SMS 2003 is a powerful network management tool, but you can't blindly install it without some proper preparation. In this article, Scott Lowe discusses what you need to know about SMS 2003 and how to get ready to deploy it in your organization.

In the first part of this SMS series, Get a handle on network clients using SMS, I provided a high-level overview of SMS 2003 and its system requirements. In this article, I will present to you common deployment planning considerations, which will include some further requirements information. The purpose of this article is not to learn exactly how to deploy SMS into a huge infrastructure, though. Rather, the purpose is to introduce concepts related to SMS, and learn some of the considerations that must be made in order to install and support this complex product.

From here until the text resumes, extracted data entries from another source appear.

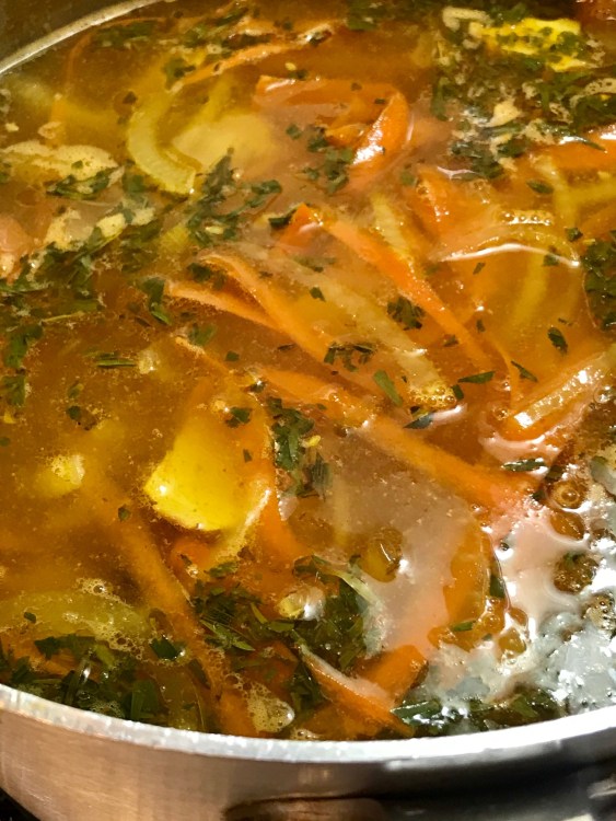 1- In large soup pot place chicken, water and salt. Bring to slow boil and cook about 15 minutes to soften chicken pieces.
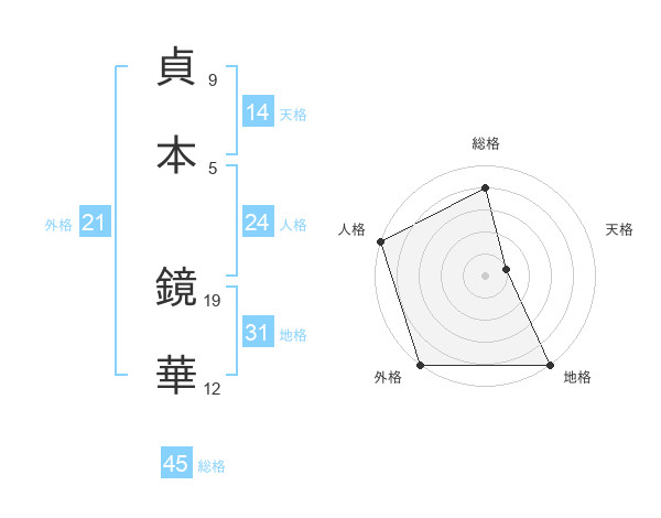 貞本 鏡華さんの地格は31画の5点!
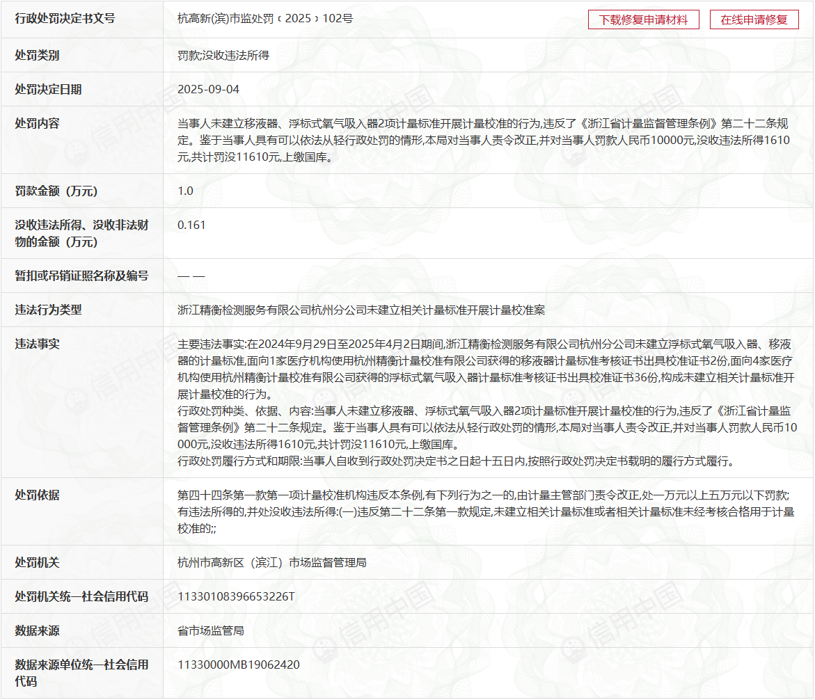 主要违法事实:在2024年9月29日至2025年4月2日期间,浙江精衡检测服务有限公司杭州分公司未建立浮标式氧气吸入器、移液器的计量标准,面向1家医疗机构使用杭州精衡计量校准有限公司获得的移液器计量标准考核证书出县校准证书2份,面向4家医疗机构使用杭州精衡计量校准有限公司获得的浮标式氧气吸入器计量标准考核证书出具校准证书36份,构成未建立相关计量标准开展计量校准的行为。
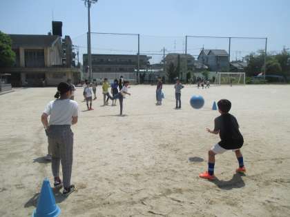 今日は、みんな遊びでドッジボールをしました。夏かと思うような暑い日でしたが、子どもたちはみんなでドッジボールを楽しんでいました。熱中症に気を付けながらこれからもみんなで外遊びを楽しんでいってほしいです。
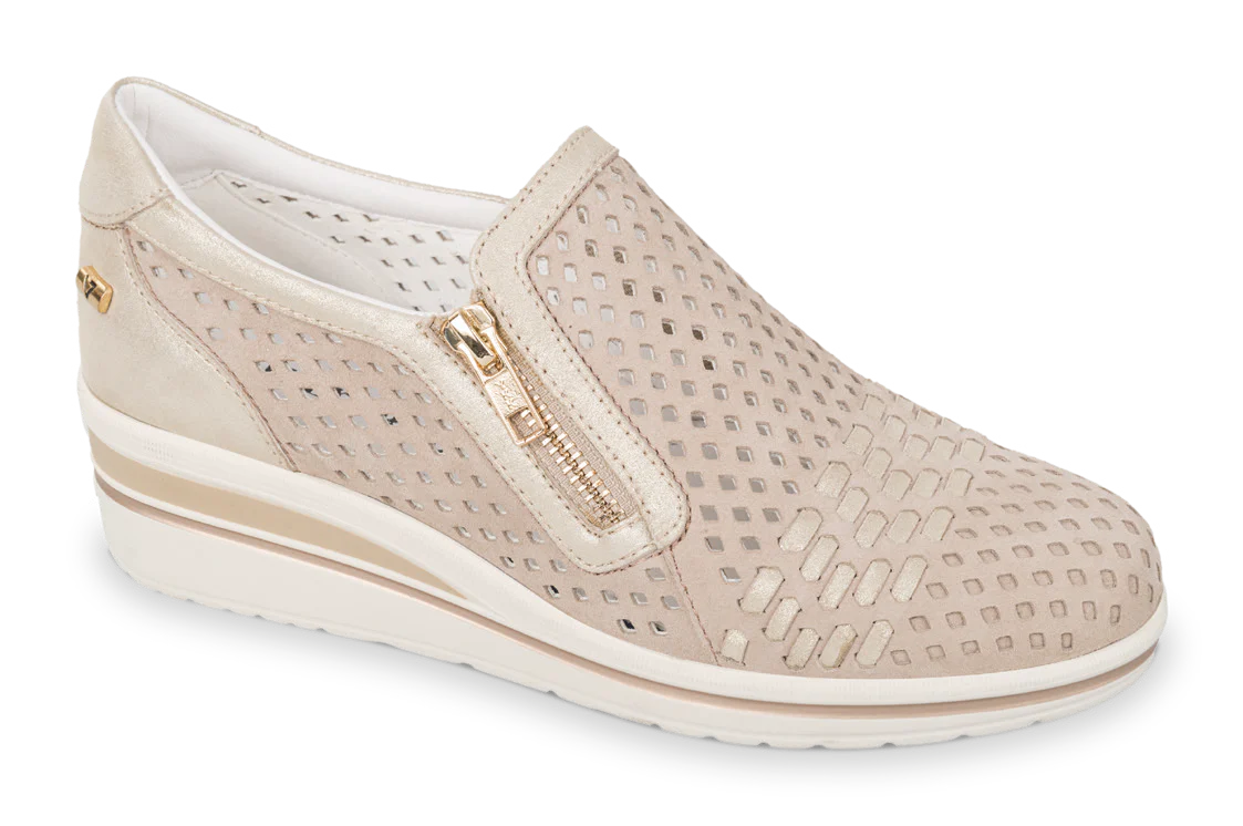 Valleverde 36213 mocassino sportivo in nabuk ecrù con zeppa

SMS terms, concepts, and features

SMS is a fairly complex program and provides a huge amount of functionality, but requires that you learn some new terms and concepts. Before you get into actually planning, let's go over some of these terms and concepts as they will make the job of planning an appropriate installation much easier. Table A explains some of the things you should know.

Table A

There are other terms and more advanced concepts that are useful for particularly large SMS organizations that help to define how management points are assigned to roaming devices, and how roaming devices are supported by software distribution. For this series of articles, these concepts are out-of-scope, however. In these articles, I will be working with a single SMS site, although I will, in the next part of this series, provide an example of child site installation and administration.

SMS deployment planning

Before you undertake an SMS deployment, particularly for anything larger than a small, single-server SMS deployment, you should take some time to plan the deployment in order to avoid problems with your initial experience. I always recommend that you deploy the product to a single server in a lab environment before you deploy into production, particularly since SMS affects your Active Directory schema, and is fairly complex.

I'm assuming that you've already taken the step of identifying the organizational challenges that you're attempting to correct, that you've adequately documented your environment, and that you're at least basically familiar with the terms and concepts discussed in this article and the previous article in this series.

For a complete enterprise-wide rollout of SMS, you should consider the following steps as a part of your deployment plan:

  1. Understand SMS basics and deploy the product into a test environment similar enough to the real environment to be able to get a sense of how the product will perform and whether it will meet your organizational needs.
  2. Perform preplanning steps that analyze your current environment and management tools, and determine opportunities for integration (i.e. integration with a help desk product such as FootPrints)
  3. Create the SMS hierarchy.
  4. Installation planning.
  5. Deploy SMS, taking into consideration security and recovery needs.
  6. Deploy clients.
  7. Assess.

For this article series, I will be skipping steps 1 and 6; step 5 will be included, but will be limited to deploying SMS. The SMS 2003 Concepts, Planning, and Deployment guide will provide you with a complete breakdown of Microsoft's usual recommendations for enterprise software deployments.

SMS hierarchy design

One of the more important planning steps in your SMS deployment is the hierarchical design, including site type and placement, role setting, and more. For small environments that plan to run from a single server with a single site, this step is not critical, but if you have a need to support multiple locations, or you're a large, distributed organization, this step is critical as it can mean the difference between the success and failure of your project.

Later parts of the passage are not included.